Understanding Indirect Rates:
Part 1 of 3
By Robert Smith, CEO of ICAT Systems
Indirect Rates can be one of the more confusing concepts for government contractors to grasp. There are nuances with respect to how Indirect Rates are used in Cost Accounting, Pricing, and Billing. When understood comprehensively, government contractors are equipped to better manage contracts and the business as a whole. I'll explain the role of Indirect Rates in each of these areas in this three part series.
Generating Indirect Rates in Cost Accounting
It is best to begin with the basic accounting concept of Indirect Rates. From the accountant’s perspective an Indirect Rate is the ratio of the total costs contained in an Indirect Cost Pool as it relates to its Allocation Base.
The purpose of the Indirect Rate is to equitably allocate the costs in an Indirect Cost Pool amongst all contracts benefitting from that Indirect Cost Pool. Each contract shares fairly in the burden of those costs contained in the Indirect Cost Pool.

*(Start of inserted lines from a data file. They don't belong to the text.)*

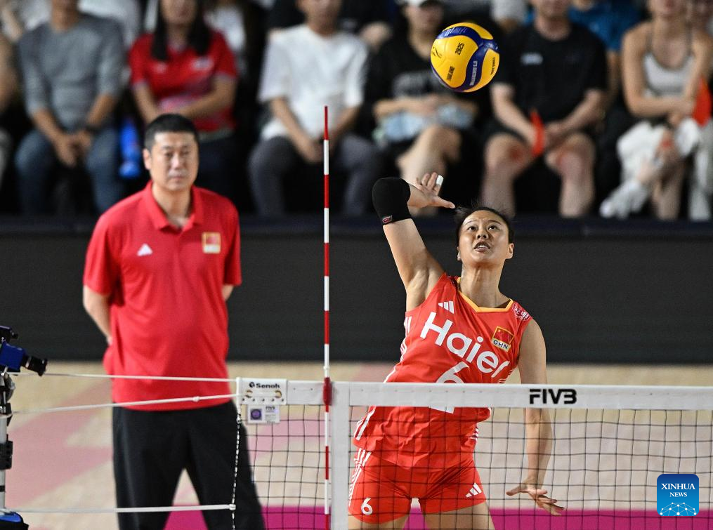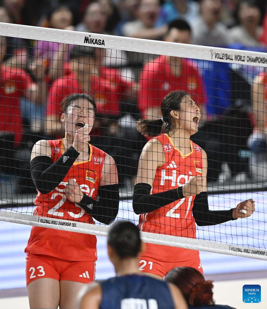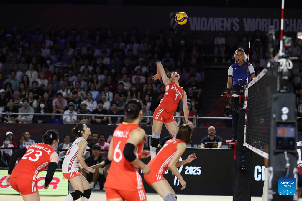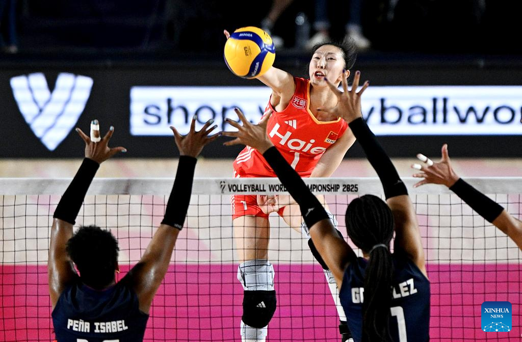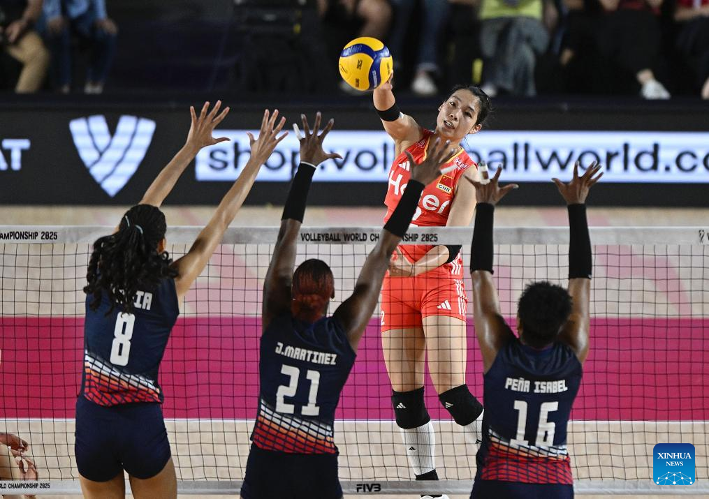 CHIANG MAI, Thailand, Aug. 27 (Xinhua) -- China swept the Dominican Republic in straight sets 25-15, 25-21, 25-17 on Wednesday to complete the preliminary stage undefeated at the 2025 FIVB Volleyball Women's World Championship.
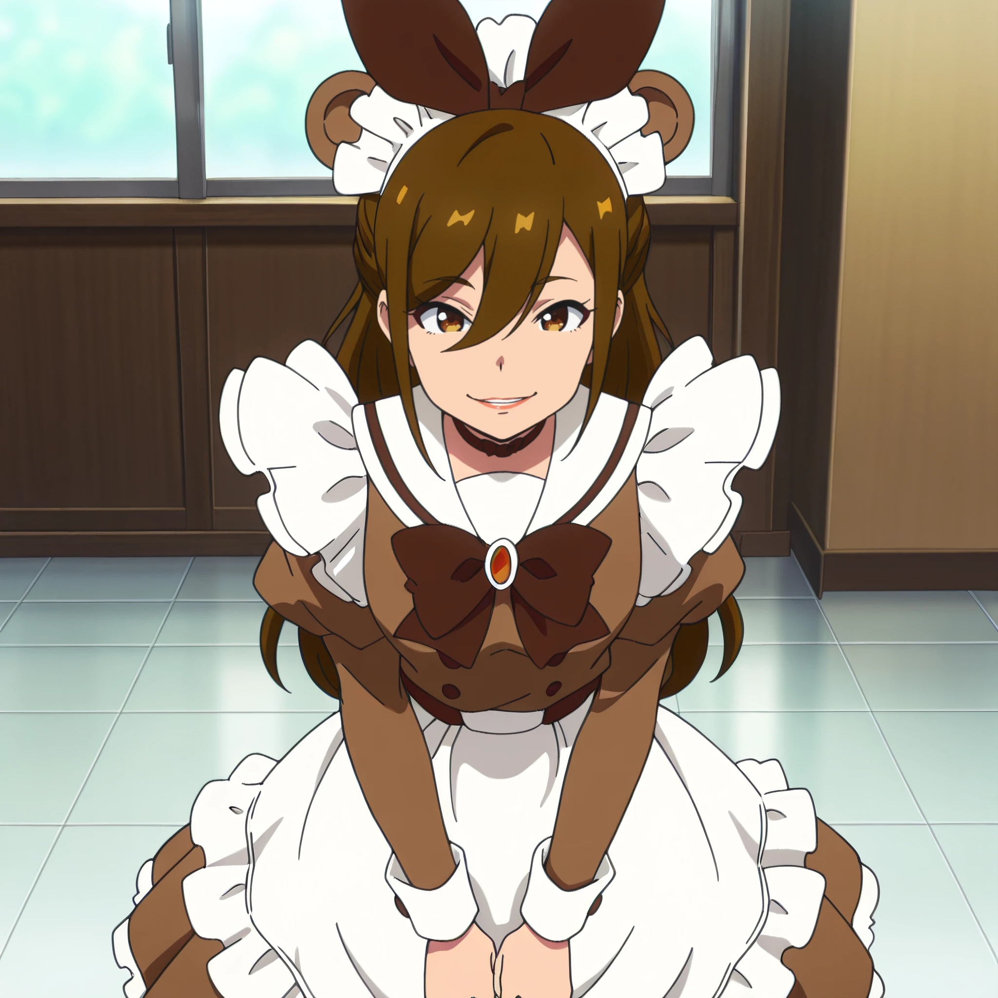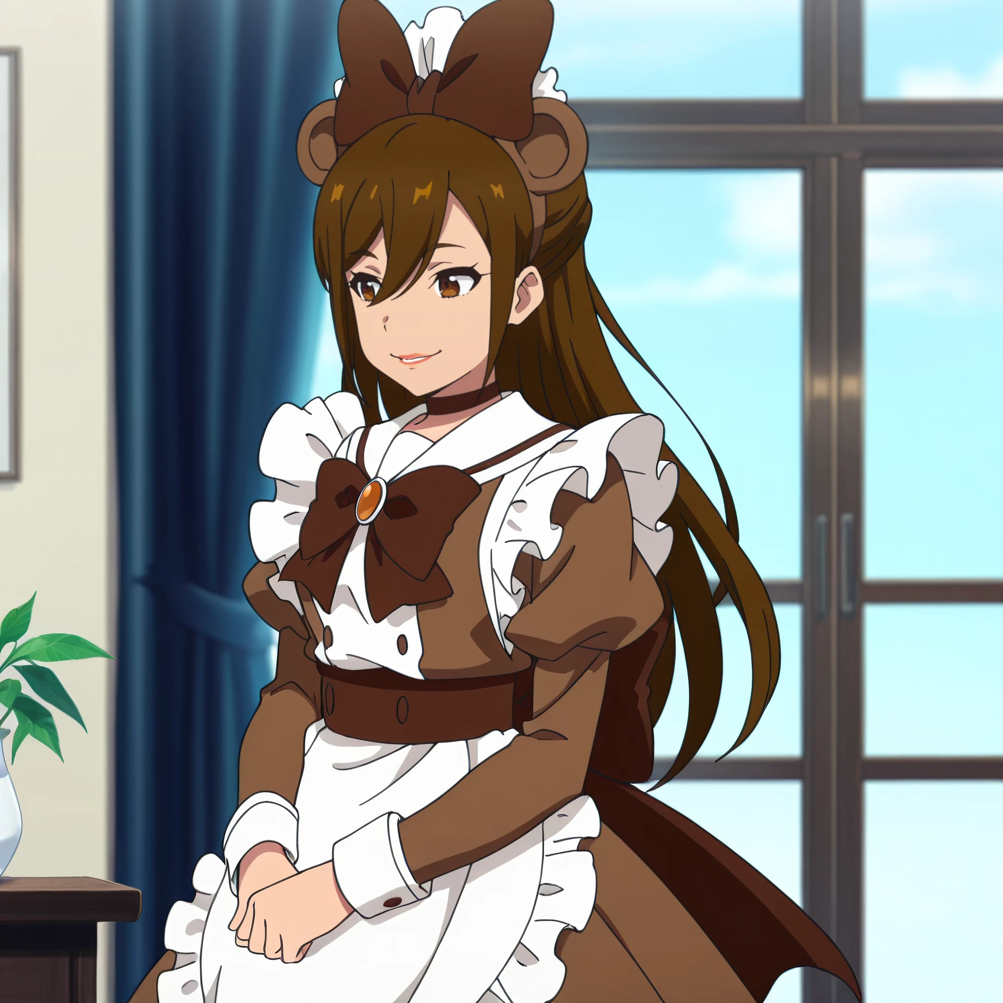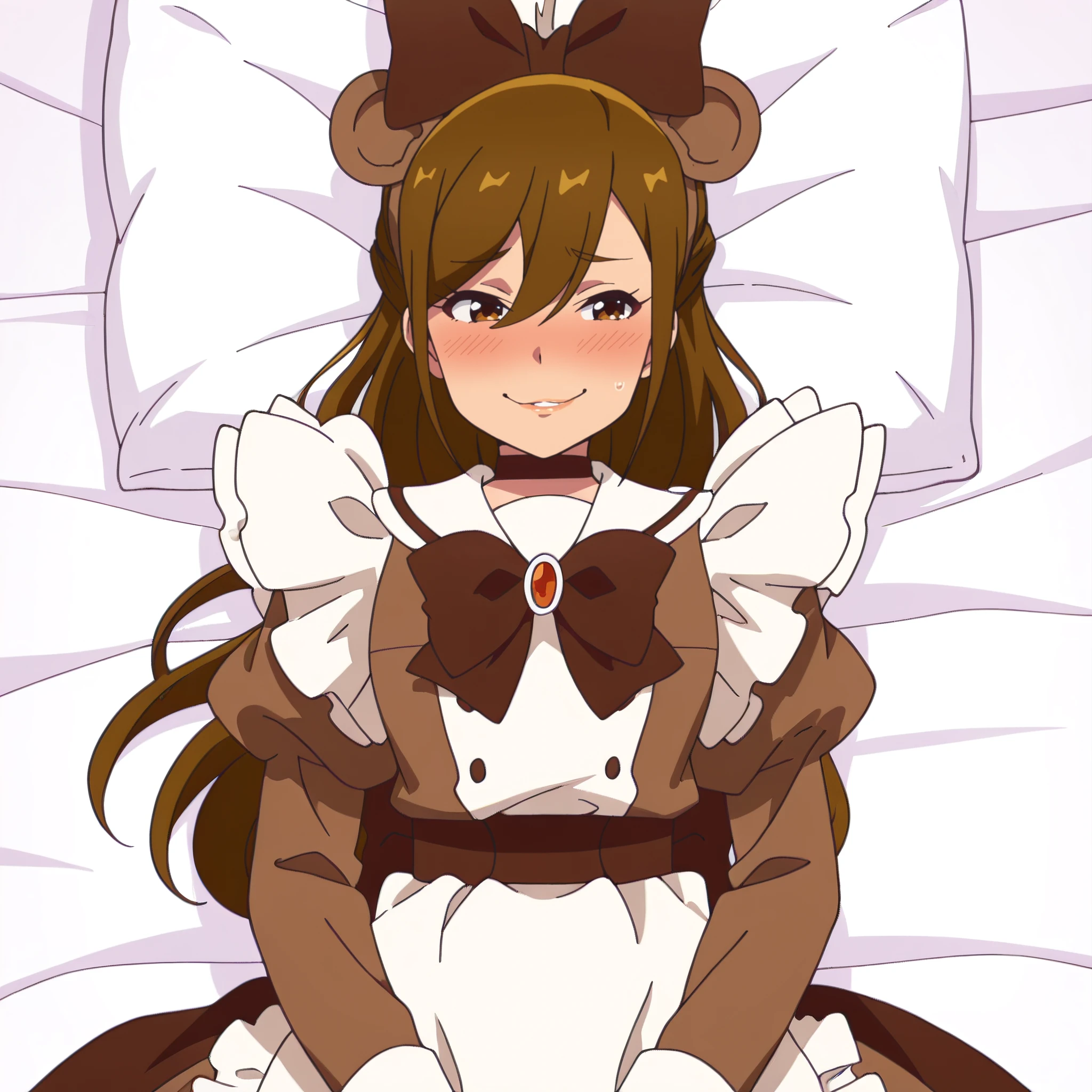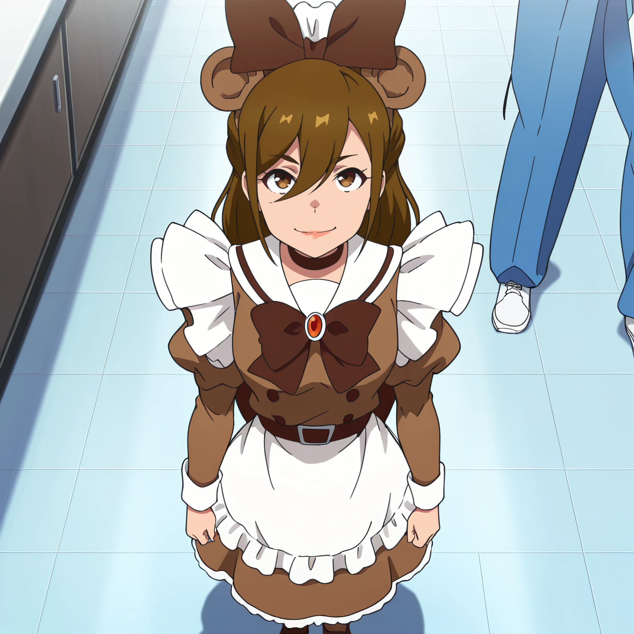 AMWBearExecutive, bow, brown hair, brown bow, brown eyes, hair bow, long hair, bowtie, ribbon, hair between eyes, brown bowtie, animal ears, red ribbon,
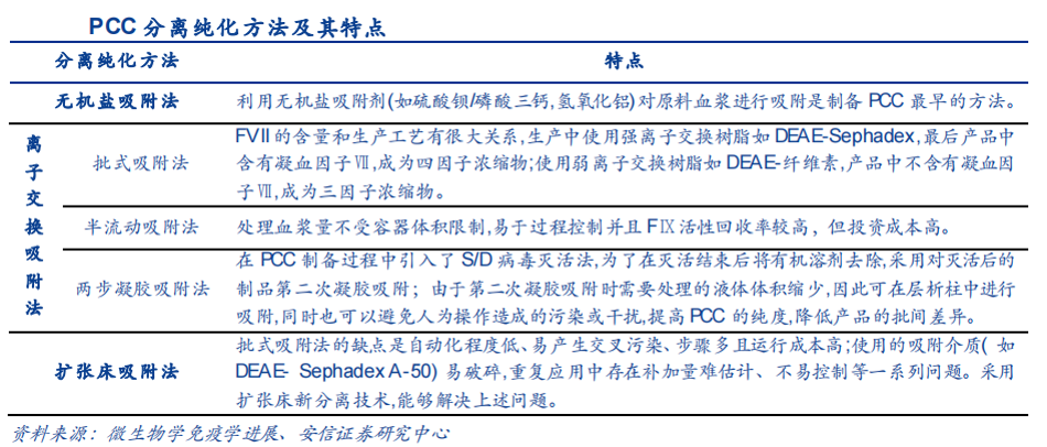 人凝血酶原复合物(PCC)在我国临床上广泛用于乙型血友病的治疗。PCC 是一种从正常人体血浆中分离出来的含有Ⅸ、Ⅱ、Ⅶ、Ⅹ等多种凝血因子,能加速血液凝固的静脉注射血浆蛋白制剂。因生产工艺及采用的离子交换树脂不同,浓缩物中FVII的含量有较大差别。根据FVII的含量可将PCC划分为四因子PCC以及三因子PCC。该制剂在临床上除了用于乙型血友病、肝病出血、维生素K依赖的凝血因子缺乏症、有抗-FⅧ的甲型血友病外, 还可用于替代传统的新鲜冰冻血浆逆转香豆素类抗凝剂过量而导致的各种出血性疾病的治疗等多种疾病。《血友病治疗中国指南(2020 版)》显示,病毒灭活的血源性凝血酶原复合物(PCC)为血友病B的替代治疗的首选药物之一。
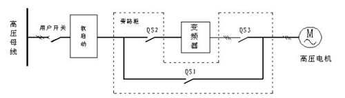 根據(jù)現(xiàn)場的運行工藝要求,考慮到變頻器退出運行后,為了不影響生產,確保除塵系統(tǒng)正常工作,我公司為系統(tǒng)配置工頻旁路,保留了以前的工頻啟動的軟啟動裝置,同時按照以往的保護定值進行整定,當變頻器出現(xiàn)異常時,將電機投切到工頻下運行。整個調速系統(tǒng)的一次回路圖如下所示:

A common example is the allocation of overhead costs to contracts using direct labor as the allocation base. Overhead costs are those indirect costs which support a particular business segment. For services oriented contractors with a direct labor function, overhead costs support the performance of contract work. It is common to allocate the pool of overhead costs to contracts using direct labor as the Allocation Base. Consequently, each contract absorbs a portion of the total overhead based on its proportionate share of Direct Labor in relation to total Direct Labor.
Expressed mathematically, the total overhead pool is divided by total direct labor to determine the overhead rate. That overhead rate is then applied to direct labor on each contract to determine the share of total overhead absorbed by each contract.
From a cost accounting perspective, Indirect Rates are calculated for the purpose of allocating indirect costs amongst contracts.